> _Given information_
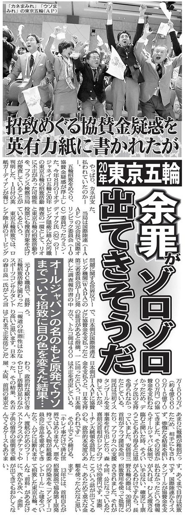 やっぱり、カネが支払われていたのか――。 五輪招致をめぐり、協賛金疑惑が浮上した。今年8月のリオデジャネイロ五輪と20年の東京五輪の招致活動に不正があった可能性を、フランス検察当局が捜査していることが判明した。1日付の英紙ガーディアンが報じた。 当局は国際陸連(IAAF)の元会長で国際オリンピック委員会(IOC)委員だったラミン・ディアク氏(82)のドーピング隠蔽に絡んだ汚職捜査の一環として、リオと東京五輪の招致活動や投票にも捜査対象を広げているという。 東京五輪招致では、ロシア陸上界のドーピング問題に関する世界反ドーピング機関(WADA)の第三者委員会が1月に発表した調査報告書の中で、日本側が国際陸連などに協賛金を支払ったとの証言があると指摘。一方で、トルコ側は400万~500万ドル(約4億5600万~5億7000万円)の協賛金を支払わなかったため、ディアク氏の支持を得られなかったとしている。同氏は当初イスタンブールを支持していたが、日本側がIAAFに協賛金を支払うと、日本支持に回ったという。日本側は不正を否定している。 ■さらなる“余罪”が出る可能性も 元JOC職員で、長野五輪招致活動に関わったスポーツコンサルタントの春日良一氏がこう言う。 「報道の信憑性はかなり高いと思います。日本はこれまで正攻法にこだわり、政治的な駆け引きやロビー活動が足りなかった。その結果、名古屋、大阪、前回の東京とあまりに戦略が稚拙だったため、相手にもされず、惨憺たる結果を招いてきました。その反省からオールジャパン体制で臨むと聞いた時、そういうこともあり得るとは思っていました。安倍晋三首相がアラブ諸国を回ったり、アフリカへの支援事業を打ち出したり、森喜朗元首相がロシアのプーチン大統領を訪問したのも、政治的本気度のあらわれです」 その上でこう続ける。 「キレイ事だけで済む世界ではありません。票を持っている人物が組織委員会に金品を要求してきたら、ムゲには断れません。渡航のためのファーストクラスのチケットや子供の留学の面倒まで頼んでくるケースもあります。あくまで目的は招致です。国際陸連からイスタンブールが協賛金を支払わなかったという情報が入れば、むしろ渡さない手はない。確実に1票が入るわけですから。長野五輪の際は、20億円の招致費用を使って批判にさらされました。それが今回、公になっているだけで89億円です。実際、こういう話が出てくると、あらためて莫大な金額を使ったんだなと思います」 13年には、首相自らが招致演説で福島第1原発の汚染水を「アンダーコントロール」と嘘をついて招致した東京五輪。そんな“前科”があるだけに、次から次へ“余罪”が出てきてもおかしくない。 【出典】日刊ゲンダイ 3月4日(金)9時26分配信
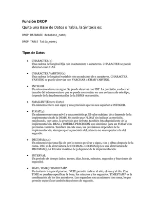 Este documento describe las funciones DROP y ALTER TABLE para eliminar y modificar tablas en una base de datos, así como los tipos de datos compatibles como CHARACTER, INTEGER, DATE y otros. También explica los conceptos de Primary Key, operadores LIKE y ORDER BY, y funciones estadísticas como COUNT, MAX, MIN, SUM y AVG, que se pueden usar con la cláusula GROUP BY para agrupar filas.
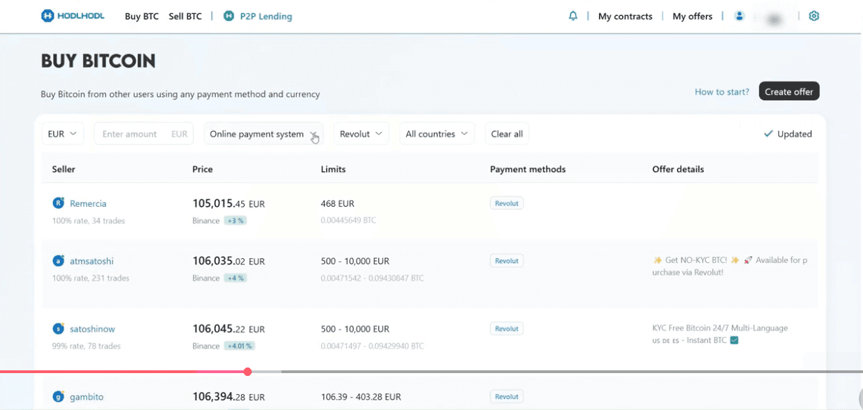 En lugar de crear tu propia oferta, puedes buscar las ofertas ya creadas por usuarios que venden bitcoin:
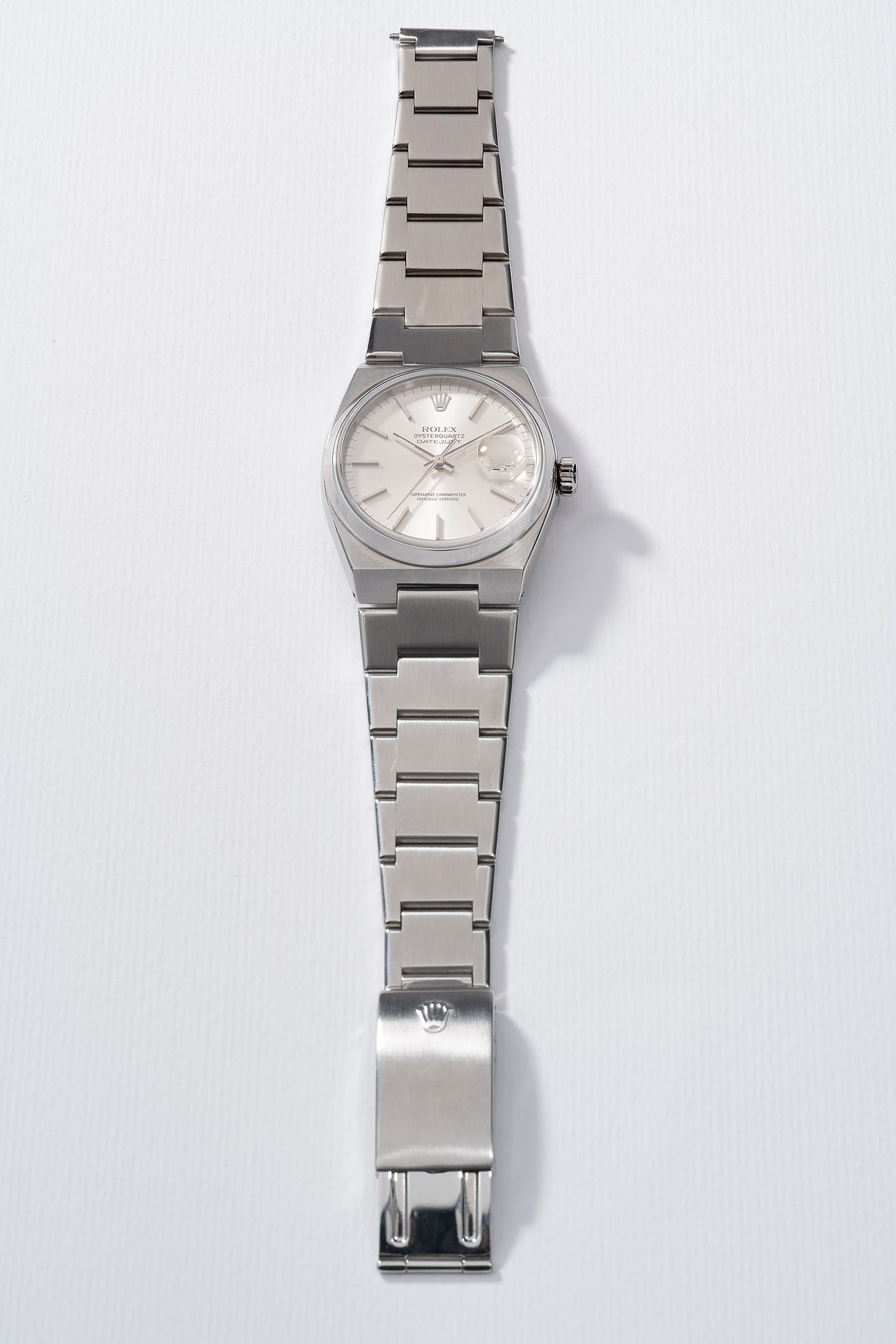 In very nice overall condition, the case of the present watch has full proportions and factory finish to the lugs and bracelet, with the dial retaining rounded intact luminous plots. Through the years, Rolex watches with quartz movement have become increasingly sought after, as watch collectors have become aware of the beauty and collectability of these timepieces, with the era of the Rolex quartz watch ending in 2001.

> _What to work on_
All of the lines above should be printed exactly, minus the pictures.

> _Response area_
 やっぱり、カネが支払われていたのか――。 五輪招致をめぐり、協賛金疑惑が浮上した。今年8月のリオデジャネイロ五輪と20年の東京五輪の招致活動に不正があった可能性を、フランス検察当局が捜査していることが判明した。1日付の英紙ガーディアンが報じた。 当局は国際陸連(IAAF)の元会長で国際オリンピック委員会(IOC)委員だったラミン・ディアク氏(82)のドーピング隠蔽に絡んだ汚職捜査の一環として、リオと東京五輪の招致活動や投票にも捜査対象を広げているという。 東京五輪招致では、ロシア陸上界のドーピング問題に関する世界反ドーピング機関(WADA)の第三者委員会が1月に発表した調査報告書の中で、日本側が国際陸連などに協賛金を支払ったとの証言があると指摘。一方で、トルコ側は400万~500万ドル(約4億5600万~5億7000万円)の協賛金を支払わなかったため、ディアク氏の支持を得られなかったとしている。同氏は当初イスタンブールを支持していたが、日本側がIAAFに協賛金を支払うと、日本支持に回ったという。日本側は不正を否定している。 ■さらなる“余罪”が出る可能性も 元JOC職員で、長野五輪招致活動に関わったスポーツコンサルタントの春日良一氏がこう言う。 「報道の信憑性はかなり高いと思います。日本はこれまで正攻法にこだわり、政治的な駆け引きやロビー活動が足りなかった。その結果、名古屋、大阪、前回の東京とあまりに戦略が稚拙だったため、相手にもされず、惨憺たる結果を招いてきました。その反省からオールジャパン体制で臨むと聞いた時、そういうこともあり得るとは思っていました。安倍晋三首相がアラブ諸国を回ったり、アフリカへの支援事業を打ち出したり、森喜朗元首相がロシアのプーチン大統領を訪問したのも、政治的本気度のあらわれです」 その上でこう続ける。 「キレイ事だけで済む世界ではありません。票を持っている人物が組織委員会に金品を要求してきたら、ムゲには断れません。渡航のためのファーストクラスのチケットや子供の留学の面倒まで頼んでくるケースもあります。あくまで目的は招致です。国際陸連からイスタンブールが協賛金を支払わなかったという情報が入れば、むしろ渡さない手はない。確実に1票が入るわけですから。長野五輪の際は、20億円の招致費用を使って批判にさらされました。それが今回、公になっているだけで89億円です。実際、こういう話が出てくると、あらためて莫大な金額を使ったんだなと思います」 13年には、首相自らが招致演説で福島第1原発の汚染水を「アンダーコントロール」と嘘をついて招致した東京五輪。そんな“前科”があるだけに、次から次へ“余罪”が出てきてもおかしくない。 【出典】日刊ゲンダイ 3月4日(金)9時26分配信
 Este documento describe las funciones DROP y ALTER TABLE para eliminar y modificar tablas en una base de datos, así como los tipos de datos compatibles como CHARACTER, INTEGER, DATE y otros. También explica los conceptos de Primary Key, operadores LIKE y ORDER BY, y funciones estadísticas como COUNT, MAX, MIN, SUM y AVG, que se pueden usar con la cláusula GROUP BY para agrupar filas.
 En lugar de crear tu propia oferta, puedes buscar las ofertas ya creadas por usuarios que venden bitcoin:
 In very nice overall condition, the case of the present watch has full proportions and factory finish to the lugs and bracelet, with the dial retaining rounded intact luminous plots. Through the years, Rolex watches with quartz movement have become increasingly sought after, as watch collectors have become aware of the beauty and collectability of these timepieces, with the era of the Rolex quartz watch ending in 2001.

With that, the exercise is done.